Yesterday, President Trump essentially closed the books on the Russia part of the Russia hoax by issuing pardons to George Papadopoulos and Alex van der Zwaan, a couple of peripheral figures…though the LawFare gang couldn’t help crowing about how Papadopoulos was going to “flip” on President Trump…in the attempted coup d’etat (read In In Surprise Move, President Trump Pardons George Papadopoulos, Among Others).
Tonight there was phase two:
President Donald Trump on Wednesday evening announced 26 new pardons, including ones for longtime ally Roger Stone, former campaign chairman Paul Manafort and White House senior adviser Jared Kushner’s father, Charles.
The pardons extend Trump’s streak of wielding his clemency powers for criminals who are loyalists, well-connected or adjacent to his family. While all presidents issue controversial pardons at the end of their terms, Trump appears to be moving at a faster pace than his predecessors, demonstrating little inhibition at rewarding his friends and allies using one of the most unrestricted powers of his office.

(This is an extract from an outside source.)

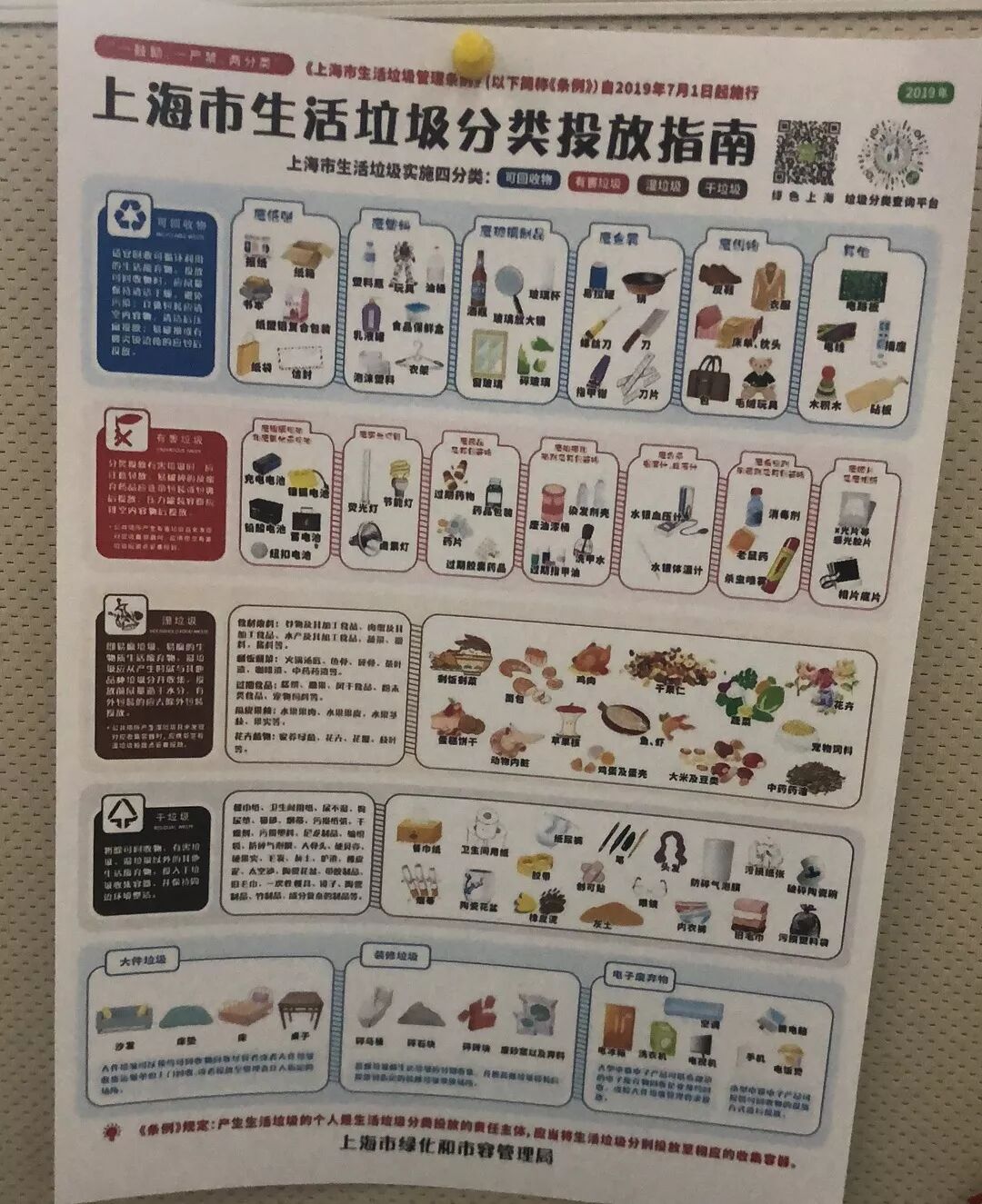 哪怕还搞不清楚怎么分,做做准备工作总是没错的:官方分类图贴起来、屏保用起来,4只垃圾桶先摆好,囤点颜色不一样的垃圾袋……

The pardons of Manafort and Stone reward two of the most high-profile and widely condemned former advisers of the President, both of whom were indicted by special counsel Robert Mueller, went to trial and were convicted by juries of multiple crimes.
While I have zero sympathy for Manafort, his case reeked of some sort of personal vendetta on the part of the actual, no-lie evil Andrew Weissmann that pre-dated the special counsel. Manafort’s financial shenanigans had been investigated, and the Justice Department decided they were of no real import. They remained on the shelf until Weissmann got himself assigned to Mueller’s hit squad. He actually briefed reporters on the old allegations before launching a new investigation based on the old and disused evidence. Because he could chant Russia! Russia! Weissmann was able to make the charges stick. There was zero connection between Manafort and anything to do with Trump.

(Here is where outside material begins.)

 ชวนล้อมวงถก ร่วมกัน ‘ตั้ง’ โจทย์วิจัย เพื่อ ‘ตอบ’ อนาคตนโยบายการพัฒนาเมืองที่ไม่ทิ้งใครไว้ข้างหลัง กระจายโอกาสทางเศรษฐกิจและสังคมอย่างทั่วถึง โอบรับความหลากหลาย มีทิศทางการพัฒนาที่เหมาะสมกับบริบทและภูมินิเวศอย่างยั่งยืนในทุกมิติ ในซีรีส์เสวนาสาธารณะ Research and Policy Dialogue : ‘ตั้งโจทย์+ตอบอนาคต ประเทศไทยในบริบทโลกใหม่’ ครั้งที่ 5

Roger Stone is a blow-hard who should’ve never been charged with anything other than misdemeanor mopery. At the very worst, all he would have been guilty of was getting a head’s up from Wikileaks on document releases, and there is nothing illegal or even improper about that. The fact that the FBI called CNN so they could have a camera crew at Stone’s home and then used a SWAT team to raid his home before dawn rather than simply calling his attorney and arranging for him to turn himself in is an act of bad faith that President Trump should’ve made into the focus of his fight against the Deep State.